Our struggle on the ground
Of course, while we ponder all this and think about “another health,” we avoid drowning in theory. However, we cannot stay away from the ground. We have learned and will learn many things from the history of TTB, which is full of struggles and achievements. The pressures on TTB in the past and present show us that “good medical values” is one of the things that governments/sovereigns fear the most, and it is more than worth defending, starting from lecture halls. Of course, in this case, the pressure and attacks on the student agenda, the health system, and the TTB do not allow us to sit down; luckily, they do not. Every time we return from the ground, we are filled with incredible energy and confidence from being organized and standing up.
Our teacher, human rights defender Şebnem Korur Fincancı, was on trial for reminding us that chemical weapons are prohibited and should be investigated. Although the court’s verdict did not make us happy, seeing once again the crowd in the Çağlayan courthouse and how much the government is scared of the power of good medicine gives us a little relief.
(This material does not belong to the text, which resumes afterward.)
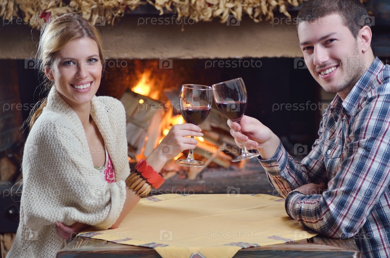 Счастливая пара у камина
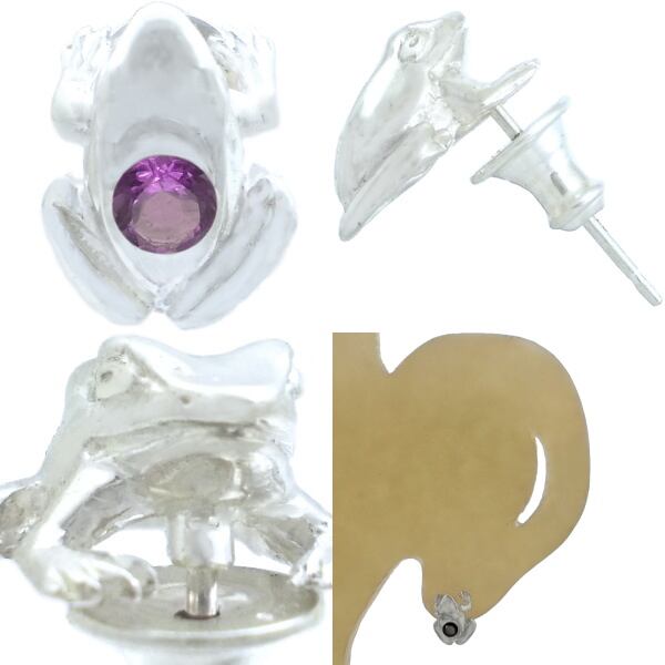 (2月)アメジスト ホワイト フロッグ シルバー ピアス 誕生石*BE-1041

Our struggle on the grounds never goes in vain. Recognition of senior medical students as interns, paying interns and providing insurance as of 2012, increasing the salary to the minimum wage level in 2022, preventing reactionary unscientific meetings in faculties by the rector’s office, removing the waiting period for six months before starting duty, paving the way for free HPV vaccines to the community, the right to leave after the shift and many victories that we did not think of… None of them are free from the results of our work on the ground. It would not be unfair if we say that the most justified criticism of our communal home, TÖK, is the limitation of its relations and communication with other teams with its widespread partnerships.
By extending a hand on the occasion of this article, we start our acquaintance with the hope of at least making a start that weakens this limitation and being able to explain itself, even if it is short; and we end with the words that the medical world knows as the name of the enormous medicine book, which means ‘let’s walk together’: Vade mecum!